Dosage and Administration

Antiandrogenic therapy for inoperable prostate cancer: At 200-300 mg / day (1 tablet 2-3 times a day, for a long time).

If you improve or achieve remission, you should not interrupt treatment or reduce the dosage.

To reduce the initial increase in androgen levels in GnRH agonist therapy:First, 200 mg per day (1 tablet 2 times a day) as monotherapy for 5–7 days, then 200 mg per day for 3–4 weeks in combination with a GnRH agonist in the dosage recommended by the manufacturer.

For the treatment of hot flashes during therapy with GnRH analogues or after orchiectomy: At 50-100 mg / day (0.5-1.5 pills per day), if necessary, followed by increasing the dose to 300 mg per day (1 tablet 3 times a day).

Adverse reactions

From the hemopoietic system: frequency unknown - anemia.

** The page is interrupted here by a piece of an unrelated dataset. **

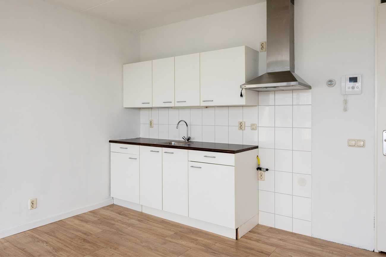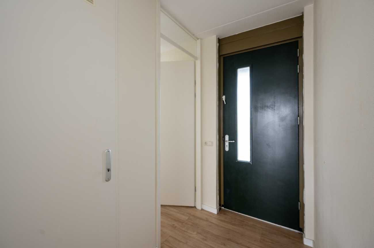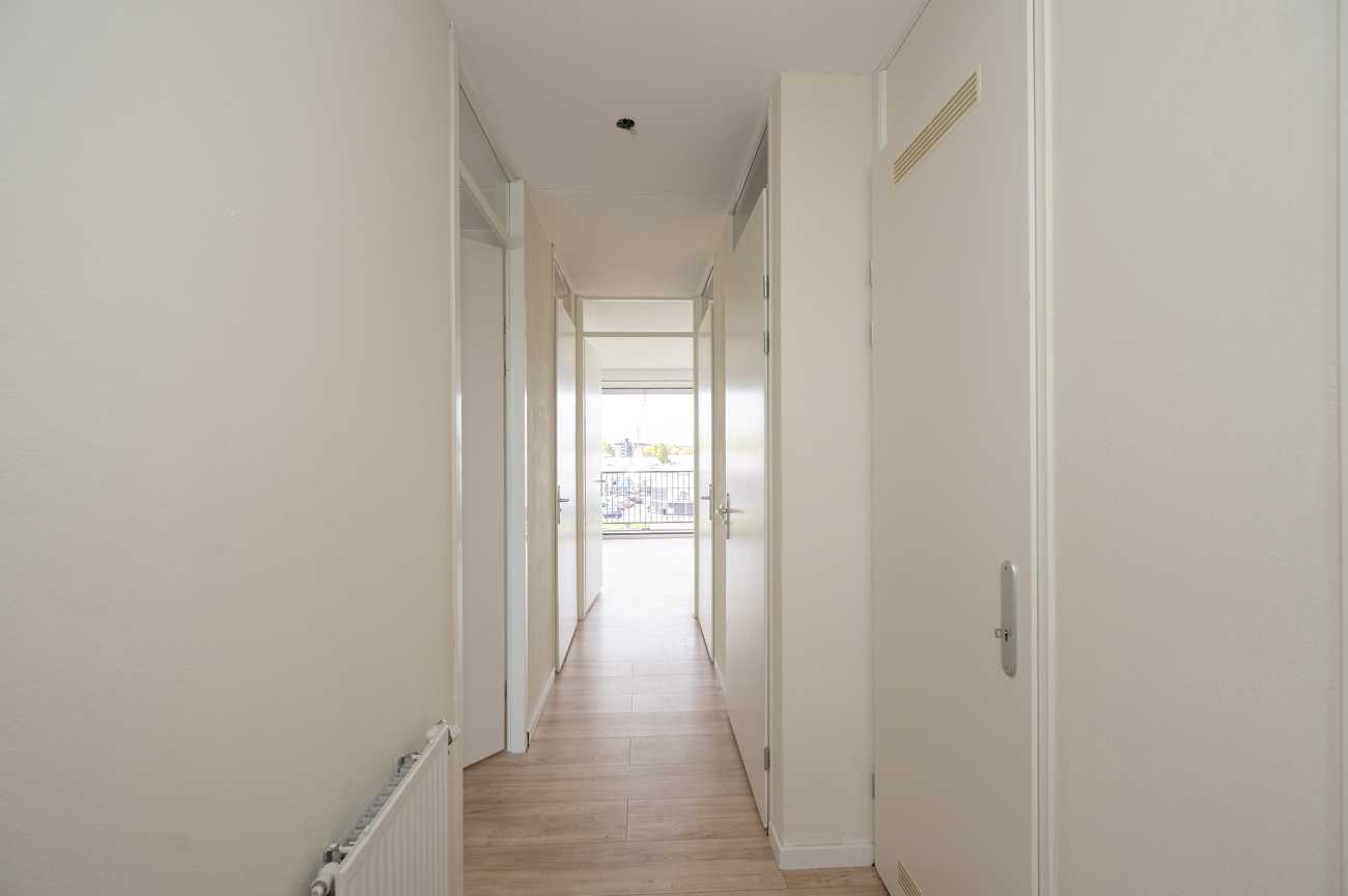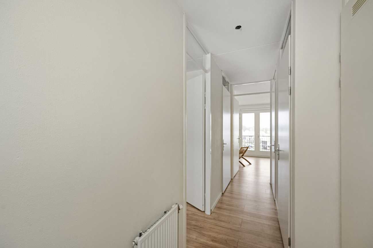 Entree van de woning met in de hal de meterkast en toegangsdeuren naar alle ruimtes. Via de lange hal loopt u rechtdoor de woonkamer in. De sfeervolle woonkamer heeft woning breed grote plafond hoge ramen, wat voor veel lichtinval zorgt. De openslaande deuren richting het balkon zorgen voor een heerlijke bries door de woning bij een zonnige dag. Het balkon strekt zich over de gehele breedte van de woning en is gelegen op het zuidwesten. U heeft hier een vrij uitzicht over het winkelcentrum “Doemere” en zit qua zonuren perfect. Een heerlijke plek om te genieten van het buitenleven! De woonkamer is uitgerust met een basic keukenblok en het appartement is voorzien van een nette laminaat.

On the part of the immune system: rarely, hypersensitivity reactions.

Mental Disorders: often - depression, depressed mood, anxiety (temporarily).

From the side of the vessels: frequency unknown - thrombosis and thromboembolism.

Carefully: if patients with inoperable prostate cancer have a thrombosis and thromboembolism in history, severe diabetes mellitus with angiopathy, sickle cell anemia® appointed only after assessing the individual balance of benefit and risk in each case.

Drug interactions

The antigonadotropic effect of cyproterone acetate is enhanced by its combined use with gonadotropin-releasing hormone agonists.

Under the action of cyproterone acetate, the initial increase in testosterone production caused by gonadotropin-releasing hormone agonists is reduced.

Pregnancy and Lactation

Contraindicated in pregnancy and during breastfeeding.

Special instructions

Treatment with Androcur should be carried out under the control of the liver, adrenal cortex and peripheral blood.

If there is evidence of hepatotoxicity, the drug should be discontinued.

In patients with diabetes mellitus, dosage adjustment of insulin or other hypoglycemic drugs may be required (glucose monitoring should be performed more often than usual).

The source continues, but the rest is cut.